This is the fourth and final article in NACLA’s multi-part series on migration in the Americas. (Read the other parts here, here, and here).
Norma remains in a detention center in the United States where she awaits the resolution of her asylum petition. She left a neighborhood in El Salvador, controlled by the M-18 Gang, at the end of 2014. Four members of the gang kidnapped her, took her to a cemetery where they raped her and then threw her in a trashcan – all an attempt to send a message to her husband, a Salvadoran police officer. Reporting the violence only made things worse; shortly after the incident Norma and other members of her family began to receive death threats.

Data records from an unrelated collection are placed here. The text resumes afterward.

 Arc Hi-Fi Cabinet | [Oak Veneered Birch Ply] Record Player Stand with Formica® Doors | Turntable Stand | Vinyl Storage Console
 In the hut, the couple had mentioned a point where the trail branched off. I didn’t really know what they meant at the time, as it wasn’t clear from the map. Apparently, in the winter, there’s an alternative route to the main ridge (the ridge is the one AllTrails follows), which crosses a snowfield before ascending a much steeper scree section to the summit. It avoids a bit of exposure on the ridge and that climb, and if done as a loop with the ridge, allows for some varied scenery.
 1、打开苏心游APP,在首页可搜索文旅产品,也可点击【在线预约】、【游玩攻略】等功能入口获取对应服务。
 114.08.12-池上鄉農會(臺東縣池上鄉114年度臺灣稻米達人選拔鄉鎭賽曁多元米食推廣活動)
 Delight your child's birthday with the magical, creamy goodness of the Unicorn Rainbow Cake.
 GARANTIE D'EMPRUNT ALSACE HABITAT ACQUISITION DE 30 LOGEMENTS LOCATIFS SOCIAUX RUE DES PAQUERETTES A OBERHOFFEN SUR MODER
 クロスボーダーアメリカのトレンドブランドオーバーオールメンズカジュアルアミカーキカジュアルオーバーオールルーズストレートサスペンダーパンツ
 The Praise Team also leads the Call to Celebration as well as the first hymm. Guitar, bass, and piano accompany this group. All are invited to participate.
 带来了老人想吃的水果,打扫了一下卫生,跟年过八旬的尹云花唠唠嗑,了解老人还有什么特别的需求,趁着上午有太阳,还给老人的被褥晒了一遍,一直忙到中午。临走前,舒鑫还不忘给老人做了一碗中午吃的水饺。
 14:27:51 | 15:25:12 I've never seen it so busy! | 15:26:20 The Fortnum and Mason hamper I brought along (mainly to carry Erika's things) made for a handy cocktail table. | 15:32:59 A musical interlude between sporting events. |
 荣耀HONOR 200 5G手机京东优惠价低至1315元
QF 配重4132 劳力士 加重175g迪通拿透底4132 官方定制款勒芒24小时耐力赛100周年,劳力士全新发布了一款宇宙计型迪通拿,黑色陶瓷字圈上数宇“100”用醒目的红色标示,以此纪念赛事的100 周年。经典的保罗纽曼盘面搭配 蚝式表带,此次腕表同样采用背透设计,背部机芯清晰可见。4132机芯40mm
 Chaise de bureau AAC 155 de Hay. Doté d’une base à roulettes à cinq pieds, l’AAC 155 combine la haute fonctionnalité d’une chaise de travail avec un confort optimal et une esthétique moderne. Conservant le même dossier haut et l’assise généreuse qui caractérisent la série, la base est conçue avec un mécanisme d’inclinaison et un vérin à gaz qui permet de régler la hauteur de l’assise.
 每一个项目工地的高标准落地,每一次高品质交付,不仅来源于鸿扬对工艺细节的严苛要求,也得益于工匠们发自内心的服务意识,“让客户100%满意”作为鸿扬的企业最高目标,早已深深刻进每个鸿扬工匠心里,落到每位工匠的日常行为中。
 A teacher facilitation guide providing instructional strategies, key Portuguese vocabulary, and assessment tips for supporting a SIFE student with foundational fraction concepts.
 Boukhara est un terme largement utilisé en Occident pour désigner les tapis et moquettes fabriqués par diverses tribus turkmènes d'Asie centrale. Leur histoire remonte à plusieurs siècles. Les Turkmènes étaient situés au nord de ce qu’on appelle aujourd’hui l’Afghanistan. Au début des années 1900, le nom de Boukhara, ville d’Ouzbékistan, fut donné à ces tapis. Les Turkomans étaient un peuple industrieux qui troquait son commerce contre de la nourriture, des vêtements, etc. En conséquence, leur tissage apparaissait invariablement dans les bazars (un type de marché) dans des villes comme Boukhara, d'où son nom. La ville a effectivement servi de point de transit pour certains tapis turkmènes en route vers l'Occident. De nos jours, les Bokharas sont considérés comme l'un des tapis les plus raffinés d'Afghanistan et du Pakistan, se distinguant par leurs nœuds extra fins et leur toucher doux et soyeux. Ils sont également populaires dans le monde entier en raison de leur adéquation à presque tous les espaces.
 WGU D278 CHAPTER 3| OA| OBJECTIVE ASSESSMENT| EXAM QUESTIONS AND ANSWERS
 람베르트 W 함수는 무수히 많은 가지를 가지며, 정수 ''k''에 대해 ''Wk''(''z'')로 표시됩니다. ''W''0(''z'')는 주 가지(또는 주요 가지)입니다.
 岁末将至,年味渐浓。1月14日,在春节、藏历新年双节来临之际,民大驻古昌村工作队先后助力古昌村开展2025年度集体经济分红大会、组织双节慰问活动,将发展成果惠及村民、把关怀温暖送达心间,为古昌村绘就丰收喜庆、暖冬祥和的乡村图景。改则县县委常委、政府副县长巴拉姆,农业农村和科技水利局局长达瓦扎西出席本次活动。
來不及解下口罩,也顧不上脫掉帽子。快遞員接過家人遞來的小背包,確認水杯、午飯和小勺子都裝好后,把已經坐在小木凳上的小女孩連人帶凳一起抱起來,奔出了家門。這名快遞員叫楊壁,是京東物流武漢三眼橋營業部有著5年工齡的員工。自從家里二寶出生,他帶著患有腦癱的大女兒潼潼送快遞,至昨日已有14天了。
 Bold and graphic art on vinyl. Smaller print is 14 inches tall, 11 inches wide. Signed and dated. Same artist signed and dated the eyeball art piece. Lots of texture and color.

Without any realistic possibility of protection in El Salvador, Norma’s husband hired a coyote to help her travel through Mexico. The ultimate goal was that she might make it safely to the United States. Sadly, that journey resulted in more challenges than Norma and her family could have imagined.
The northern triangle of Central America is one of the most dangerous regions in the world, particularly for women like Norma. El Salvador, Guatemala, and Honduras rank first, third, and seventh, respectively, in the global index of femicides. In recent years even the political and legal space to defend the rights of women has been closing down. The Mesoamerican Initiative of Human Rights Defenders reported a doubling in attacks against female human rights defenders in these countries between 2012 and 2014. These frightening figures included more than 1,600 attacks and 32 assassinations.
The escalating violence in Central America is reflected in the rising number of women crossing the border between Mexico and the United States. Not only did the number of women detained by the U.S. Border Patrol triple between 2013 and 2014, but more than 68,000 families arrived during fiscal year 2014 and 40,000 during 2015. Thousands of these individuals have sought asylum in the U.S., though only a tiny fraction have had their requests granted.
As Norma’s testimony reveals, family relationships are frequently central in the histories of women migrants seeking asylum. With alarming repetition, these women are the wives, mothers, daughters, and sisters of persecuted family members. Others are the direct targets of violence, often because they have stood up to violent actors and criminal gangs in their communities. Still others flee with their children hoping to prevent their offspring’s forced recruitment into armed gangs.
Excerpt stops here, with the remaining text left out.